In deze zaak heeft het gerechtshof Amsterdam op 28 januari 2025 uitspraak gedaan in hoger beroep tegen een vonnis van de politierechter in de rechtbank Amsterdam. De verdachte, geboren in 1973, werd beschuldigd van mishandeling, belediging van een politieagent en vernieling van een plantenbak. De tenlastelegging omvatte onder andere het opzettelijk beledigen van een ambtenaar, te weten een verbalisant van de Politie Eenheid Amsterdam, door op hem te spugen, en het opzettelijk vernielen van een plantenbak die aan een ander toebehoorde. De feiten vonden plaats op 23 januari 2024 in Amsterdam.
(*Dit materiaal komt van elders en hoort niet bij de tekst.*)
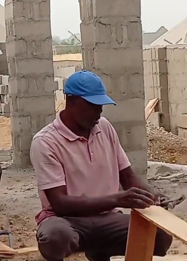 A man wearing a pink polo shirt and a blue baseball cap is squatting on the ground at a construction site, hammering a nail into two pieces of wood. He is working barefoot, surrounded by wooden planks and construction materials. Behind him are unfinished concrete walls and other buildings. Another person stands to his left, partially out of frame.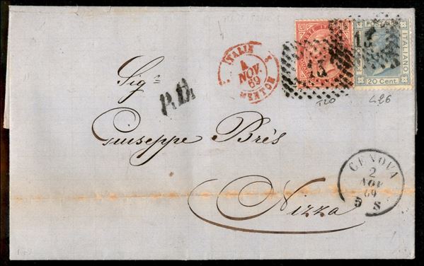 Lettera per la Francia affrancata 40 cent + 20 cent tir. di Londra (20 + L26) - da Genova 2 nov. 69 per Nizza Marittima con bollo di transito Menton in rosso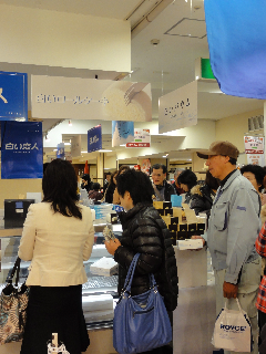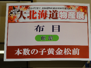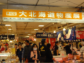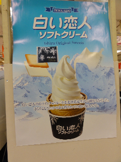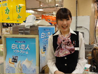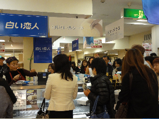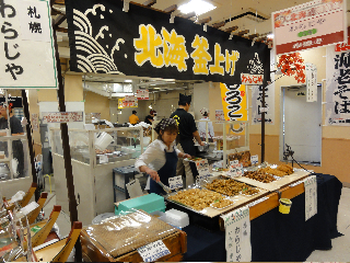 北海道物産展今年の新顔は「白い恋人」のソフトクリーム。 珍味屋さんが4軒揃った。「布目」、「恋知企島」、「長谷川」、「味商」。

Tijdens de zitting op 14 januari 2025 heeft de advocaat-generaal zijn vordering gepresenteerd, terwijl de raadsman van de verdachte pleitte voor vrijspraak. Het hof heeft de verklaringen van getuigen en de inhoud van camerabeelden in overweging genomen. De verdachte werd uiteindelijk schuldig bevonden aan de hem tenlastegelegde feiten. Het hof oordeelde dat de mishandeling en belediging van de politieagent, evenals de vernieling van de plantenbak, wettig en overtuigend bewezen waren.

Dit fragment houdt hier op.